Directors
making an honest but ultimately fruitless effort to rescue insolvent companies
are treated sympathetically by the courts when assessing damages.
A non-executive director of NZNet
Internet Services Ltd did not have to pay any damages despite being in breach
of directors’ duties before the company went into liquidation in November 2011
with unpaid debts of some $1.08 million.
Three NZNet directors were held liable in the High Court for breaches of
the Companies Act; managing director and majority shareholder Mr Stephen
Andrews was held liable for $1.08 million (for acting recklessly and in breach
of his duty of care as a director); marketing director Mr George Thomas was
held liable for $83,800 (for failing to look after creditors’ interests in the
last three months of the company’s life); and financial adviser and
non-executive director Mr Rowan Johnston was held liable for acting recklessly
as a director, but was not ordered to pay damages. He had lent over $460,000 of his own money to
the company in a failed attempt to turn round the business. The debt owed him by NZNet exceeded any loss
attributable to his breach of directors’ duties.
Liquidators Waterstone Insolvency
appealed the High Court ruling that Mr Johnston was not liable to contribute
cash despite being held to have acted recklessly.
Evidence was given that majority
shareholder Mr Andrews sought financial help from Mr Johnston for NZNet two
years before the company went into liquidation.
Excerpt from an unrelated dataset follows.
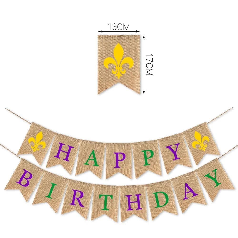 SWYOUN Burlap Happy Birthday Banner Mardi Gras Birthday Party Bunting Garland Supplies Material: 100% natural burlap. Durable and reusable. No diy required: the burlap banner is pre-assembled with adjustable long rope, save your time to decorate party, and the interval space of these burlap can be adjusted as you like. Great for Mardi Gras Birthday Party decoration. And also can be used as photo booth backdrop. PACKAGE INCLUDE:One set with"Happy Birthday" banner. Material: 100% natural burlap. Durable and reusable. No diy required: the burlap banner is pre-assembled with adjustable long rope, save your time to decorate party, and the interval space of these burlap can be adjusted as you like. Great for Mardi Gras Birthday Party decoration. And also can be used as photo booth backdrop. PACKAGE INCLUDE:One set with"Happy Birthday" banner. Shipping from the USA All of our products are shipped from the USA, ensuring quick delivery to your destination. Payment We offer the following payment methods: PayPal, credit card, bank transfer, and eBay's secure payment system. Free Shipping & Free Returns Shipping within the USA is FREE. Additionally, any return is absolutely free for you. Risk-Free Purchase You have the option to return an item within 30 days without any justification. We cover the return shipping costs! Fast Shipping We ship immediately upon receipt of payment. Generally, the package is delivered within 2-3 days in the USA. If it takes longer, we will contact you. Quality and Costs Made in Europe, USA, China No customs fees or additional charges Total satisfaction guarantee Invoice with declared VAT available upon request in .pdf format Feedback Your feedback is very important to us. After you pay for your purchase, you will automatically receive positive feedback from us.

The company was short of cash. The
two were personal friends of over 30 years standing. With degrees in economics and finance, Mr
Johnstone was employed by Forsyth Barr.
He agreed to inject $220,000 equity capital into the business after asking
searching questions of Mr Andrews about the company’s financial position. He was to later learn on becoming a
non-executive director that Mr Andrews had lied: tax debts were seriously
understated and there was no full disclosure of the extent of company spending
on Mr Andrews’ corporate credit card. A
manic period of fire-fighting followed as Mr Johnstone kept pouring his own
money into the company to pay pressing company debts. He spent weekends free of his Forsyth Barr
responsibilities attempting to identify NZNet’s current financial position, to finalise
budgets to achieve profitable trading and to find ways to boost future revenue. After Mr Andrews’ unilateral decision to
commit the company to an advertising contract costing some $89,800, NZNet went
into liquidation insolvent.
The Court ruled that a non-executive
director cannot be liable for trading recklessly where the company’s true
financial position is not known, despite reasonable enquries, because of
concealment by other directors or by senior management. By contrast, a “sleeping” director who does
not make any attempt to ask questions or make enquiries will be liable.
The Court said Mr Johnston made a
thorough assessment of the company before becoming a director. He had no way of knowing at that point that
his long-standing friend was lying about the company’s financial position and
its prospects. He had no independent way
of knowing the true state of the company’s tax debts.
Six months into his involvement with the
company, Mr Johnston had a better picture of the company’s difficult financial
position, the Court said. He then used
his expertise and best endeavours to improve the company’s position including
paying company debts and seeking to improve its financial management. A further six months on, Mr Johnston should
have been aware there was little hope, the Court said. Sales were growing, but so too did mounting
evidence of Mr Andrew’s ill-disciplined and incompetent management. Mr Johnston should have resigned, the Court said. He was reckless and in breach of creditor
interests to carry on from this point.
Mr Johnston was liable to contribute to creditor losses arising from
this date.
The Court of Appeal confirmed the earlier
High Court ruling that any damages payable for a breach of directors’ duties
beyond this point were less than the $460,000 Mr Johnston had lent the company
to meet pressing debts. He was not
required to contribute further. In the
liquidation, Mr Johnston is the company’s biggest creditor.